▶ Data to examine:

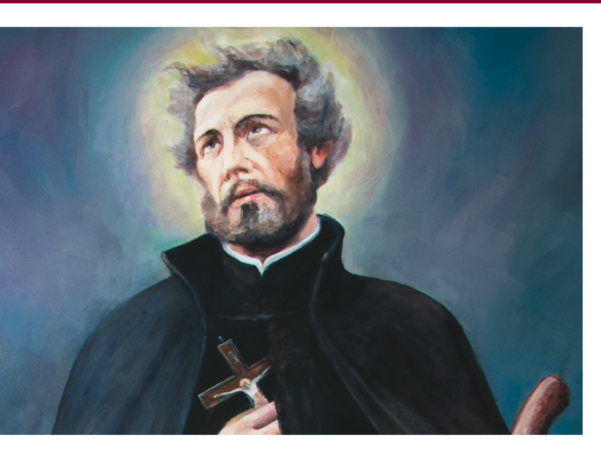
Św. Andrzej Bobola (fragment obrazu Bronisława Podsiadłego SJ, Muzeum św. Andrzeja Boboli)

==

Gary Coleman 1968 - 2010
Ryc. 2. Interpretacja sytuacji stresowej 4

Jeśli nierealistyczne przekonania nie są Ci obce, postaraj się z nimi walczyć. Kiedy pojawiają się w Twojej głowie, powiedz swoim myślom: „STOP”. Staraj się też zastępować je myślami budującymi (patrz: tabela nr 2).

▶ Assignment: Referring to the material above, set down exactly the lines between the line with "Gary Coleman 1968 - 2010" and the line with "Jeśli nierealistyczne przekonania", inclusive, and no other lines.

▶ Exercise output:
Gary Coleman 1968 - 2010
Ryc. 2. Interpretacja sytuacji stresowej 4

Jeśli nierealistyczne przekonania nie są Ci obce, postaraj się z nimi walczyć. Kiedy pojawiają się w Twojej głowie, powiedz swoim myślom: „STOP”. Staraj się też zastępować je myślami budującymi (patrz: tabela nr 2).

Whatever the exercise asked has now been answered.